Pinotage is the one original South African grape, developed by Abraham Perold in Stellenbosch in 1925 by crossing Pinot Noir and Cinsault, then known as Hermitage.

It has the acidity of the former parent and the warm generosity of the latter. South Africans can’t make up their minds if Pinotage is a unique selling point for the country - in the same way Zinfandel is for California, or Malbec for Argentina - or a confusing obstacle to progress.

The problem about Pinotage is that, as Robert Joseph wrote in Wine magazine in August 2001, this ‘mongrel grape…unless very skilfully handled, tastes of bubble gum and burned rubber’; and he isn’t wrong about the worst examples.

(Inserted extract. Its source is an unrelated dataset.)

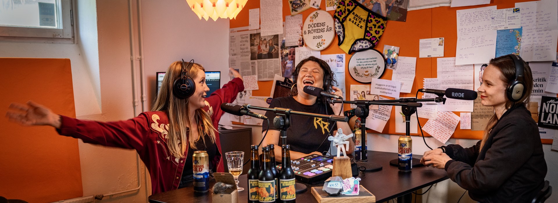 Du ser inte att de sitter där, trots stora fönster ut mot gatan, för lokalen är utformad lite som en tunnel. Längst in sitter trion i poddfabriken Flashback Forever på varsin barstol, antagligen med varsin öl, runt ett bord med uppställda mikrofoner. Det vill säga, om det är fredag. För det är då Ina Lundström, Emma Sjöström Knyckare och ”Scroll-Mia” ägnar sig åt själva kärnverksamheten: praterierna. Här hänger också broderierna. På anslagstavlan, bland lappar, vykort, brev, pins, tidningsklipp och kalsonger, syns hälsningar i korsstygn från trogna lyssnare: ”Ursäkta. Förlåt. Jag menade inte att kränka eller ofreda.” ”Dödens & Rövens år 2020”, ”Varför inte vara tacksam för den semla man fått istället för att reta sig på att jag åt fem?” Budskap med koppling till vad som yttrats i den prisvinnande podden där trion söker svaren på livets stora frågor genom att ”dyka rätt ner i visdomens källa”. Det vill säga, Flashback forum, en samlingsplats för anonyma åsikter om precis allt. Och trion bakom Flashback Forever gör sitt för att leva upp till utfästelsen om att vara ”för evigt”. Har snart spelat in 100 avsnitt. Ett i veckan, i två år.

By 1990 plantings had declined to less than 1% of the country’s vineyards, but there has been a considerable recovery in recent years, helped by a new understanding of how to realise its potential by improved viticulture, and also an increasing use of Pinotage as a blending ingredient.

Now there is a move afoot to promote a ‘Cape Blend’ which must include at least 30% Pinotage.

Despite Adi Badenhorst’s opinion, quoted in the header above, and the gloomy pronouncement of another winemaker that ‘looking for a good Pinotage is like looking for Godot’, there is excellent Pinotage.

One of its virtues is that it can be made in a variety of styles: from fresh and fruity to vibrant and spicy or even dark, intense and ageworthy.